How are those intentions determined, though? Even if we have (as in Tchaikovsky's case) written evidence by the composer her/himself, how reliable are those? Even more broadly, how many people can even identify or explain their intentions/motivations?


----------



## MJTTOMB (Dec 16, 2007)

Lemminkainen said:


> How are those intentions determined, though? Even if we have (as in Tchaikovsky's case) written evidence by the composer her/himself, how reliable are those? Even more broadly, how many people can even identify or explain their intentions/motivations?


Understanding the composer's philosophy of music helps tremendously to understand the music itself.


----------



## kartikeys (Mar 16, 2013)

Huilunsoittaja said:


> By "music philosopher," I mean someone who likes to analyze music not only for theory, but for thematic content, for philosophy. In other words, they hear a piece of music, and think not only "What?" or "How?" ... but "Why?"
> Why was this piece composed? What was the purpose? What message is the composer trying to express? Is it nothing more than abstract belief in order or beauty (or the opposite), or is it something more, an emotion/idea the composer wishes to express, but cannot do so in words?
> 
> I'm one of those people. It absolutely intrigues me to contemplate such ideas while listening to music. Sometimes composers make it obvious their intentions, sometimes not. But I believe everything has purpose, even if it is to have none.

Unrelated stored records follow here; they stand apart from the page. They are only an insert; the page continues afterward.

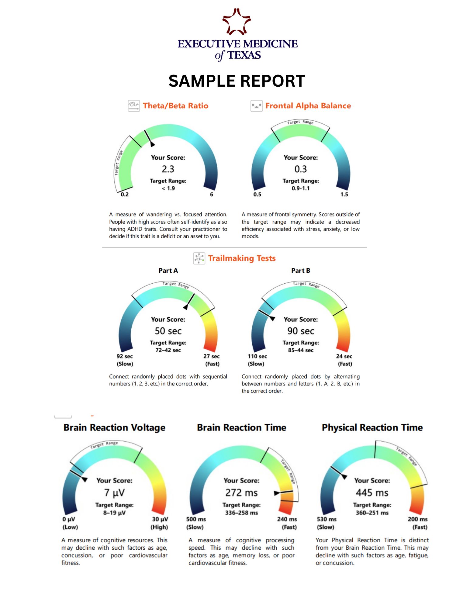 “Our goal is to help all of our patients stay on top of their game, whether they’re CEOs, professional athletes, or other busy individuals just looking to stay sharp,” says J. Mark Anderson, MD, MPH, Founding Partner of Executive Medicine of Texas and co-author of the book Age to Perfection: How to Thrive to 100, Happy, Healthy and Wise. “Brain mapping also gives us objective data when monitoring progress during our patient’s optimization program.”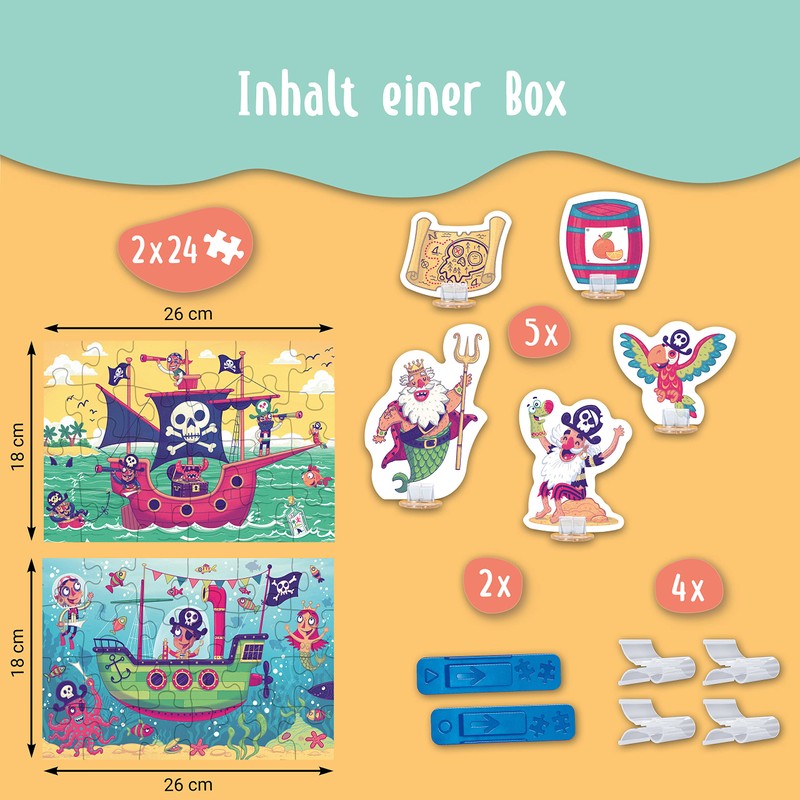 - Box contents: 2 puzzles, each with 24 pieces, 5 cardboard toy figures with stand, 4 transparent clips for connecting the boxes, 2 stands for the boxes, 1 story booklet, 1 instructions (English language not guaranteed)
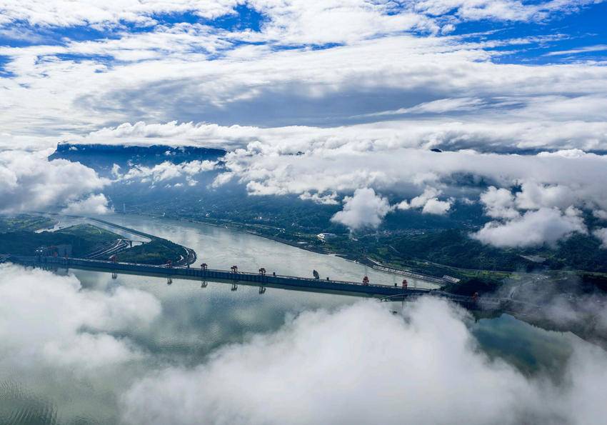 三峡秭归讯(通讯员 王罡)当日,雨过天晴的三峡大坝及附近水域上空云雾缭绕,宛如仙境。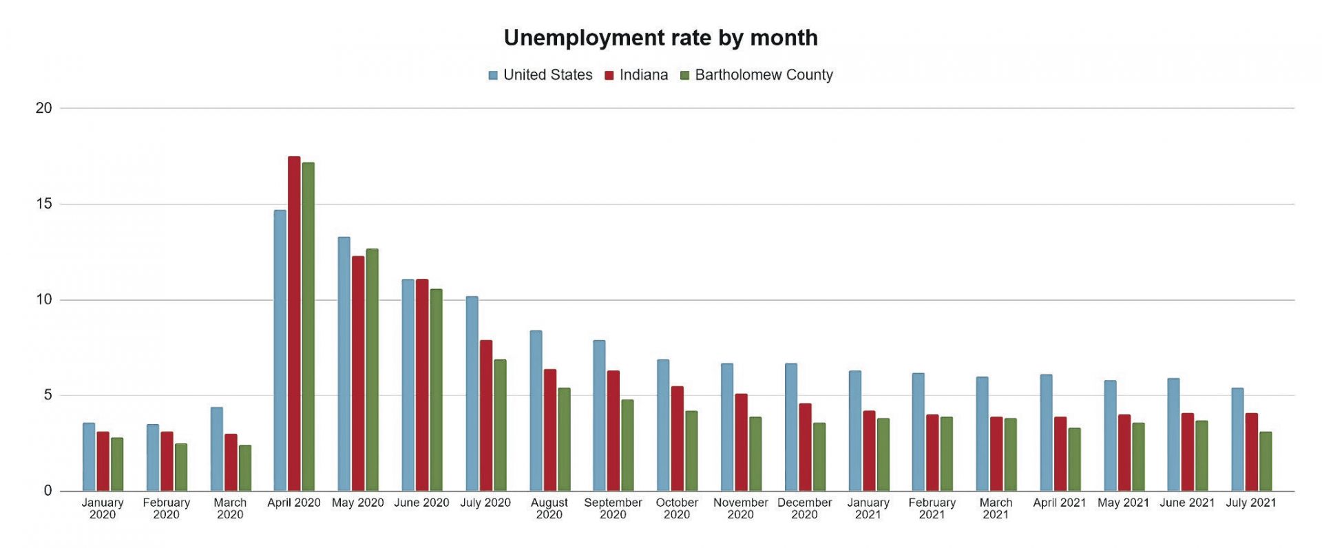 In July, Bartholomew County’s jobless rate was 3.1%, down from 3.7% the month before and the lowest since March 2020, when unemployment was 2.4%, according to figures released Monday by the Indiana Department of Workforce Development.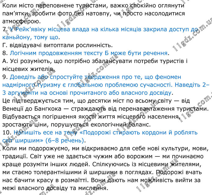 Що міг би сказати на підтвердження своєї думки Ярослав? Коли місто переповнене туристами, важко спокійно оглянути пам’ятки, зробити фото без натовпу, чи просто насолодитися атмосферою. 7. У Рейк’явіку місцева влада на кілька місяців закрила доступ до каньйону, тому що. Г. відвідувачі витоптали рослинність. 8. Логічним продовженням тексту Б може бути речення. А. Усі розуміють, що потрібно збалансувати потреби туристів і місцевих жителів. 9. Доведіть або спростуйте твердження про те, що феномен надмірного туризму є глобальною проблемою сучасності. Наведіть 2–3 аргументи на основі прочитаного або власного досвіду. Це підтверджується тим, що десятки міст по всьому світу — від Венеції до Бангкока — страждають від перенавантаження туристами. Відбувається погіршення якості життя місцевого населення, зростають ціни, порушується екологічний баланс. 10. Напишіть есе на тему «Подорожі стирають кордони й роблять світ ширшим» (6–8 речень). Коли ми подорожуємо, ми відкриваємо для себе нові культури, мови, традиції. Світ уже не здається чужим або ворожим — ми починаємо краще розуміти інших людей. Спілкуючись із місцевими жителями, ми стаємо толерантнішими й ширшими в поглядах. Подорожі вчать нас бачити красу в розмаїтті. Вони дають нам можливість вийти за межі власного досвіду та мислення.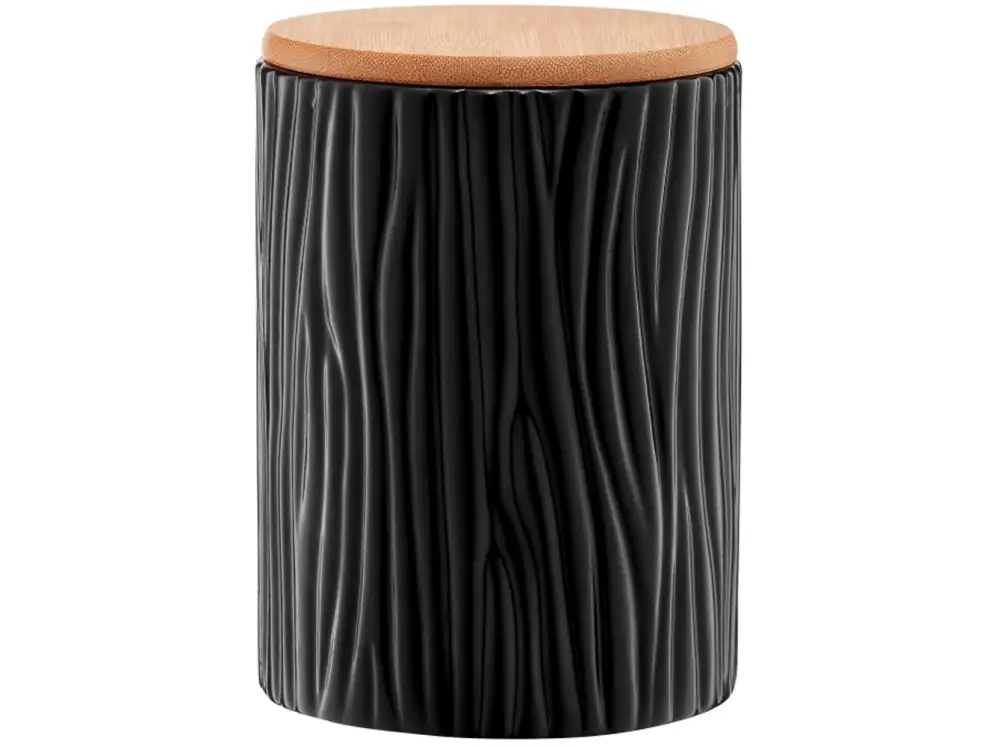AMBITION TUVO Pojemnik z wytłoczeniami z bambusową pokrywką 1,1 l / czarny / ceramika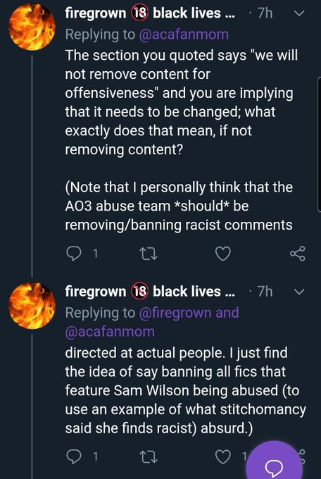 Actually this person is really arguing that there can be nothing racist about people gleefully writing fic Black people being abused in a world where it is clear that many non-black people on some level feel fixation with the sight of violence done to Black people.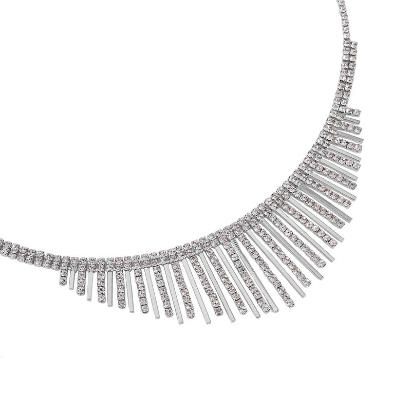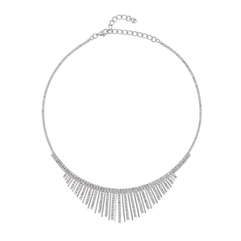 Weißer Kristall Halskette, Ca. 40.5 Cm, Silberfarben

I write a blog at tarakari.blogspot.com
It may fit the description


----------



## clavichorder (May 2, 2011)

Keep listening! Stay trippy!


----------



## Lukecash12 (Sep 21, 2009)

Huilunsoittaja said:


> By "music philosopher," I mean someone who likes to analyze music not only for theory, but for thematic content, for philosophy. In other words, they hear a piece of music, and think not only "What?" or "How?" ... but "Why?"
> Why was this piece composed? What was the purpose? What message is the composer trying to express? Is it nothing more than abstract belief in order or beauty (or the opposite), or is it something more, an emotion/idea the composer wishes to express, but cannot do so in words?
> 
> I'm one of those people. It absolutely intrigues me to contemplate such ideas while listening to music. Sometimes composers make it obvious their intentions, sometimes not. But I believe everything has purpose, even if it is to have none.


You've succinctly expressed some of my favorite questions about music. Oftentimes people can describe the ticking sound very well, but one has to ask: *why does the clock tick*?


----------



## Crudblud (Dec 29, 2011)

I think about music itself, but I don't presume to know why someone who is not me made a particular piece of music, it goes then from analysis to flimsy guesswork, or becomes stuck in the realm of the platitudinous.


----------



## millionrainbows (Jun 23, 2012)

Crudblud said:


> I think about music itself, but I don't presume to know why someone who is not me made a particular piece of music, it goes then from analysis to flimsy guesswork, or becomes stuck in the realm of the platitudinous.


I don't "presume" either, but I do look for patterns. I call this the "non-analytical fantasy/imagination" aspect of art. You should try it some time. You don't have to tell anyone, either.


----------



## Crudblud (Dec 29, 2011)

millionrainbows said:


> I don't "presume" either, but I do look for patterns. I call this the "non-analytical fantasy/imagination" aspect of art. You should try it some time. You don't have to tell anyone, either.


I'm not sure what you're getting at here. Have I offended you somehow?


----------



## Blake (Nov 6, 2013)

Strangely, the more I contemplate, the less reason I find. Pieces tend to be simply what they are. Not having to represent something else to have any validity. And what's even more strange is that this recognition brought more enjoyment than when I actually thought I found meaning. 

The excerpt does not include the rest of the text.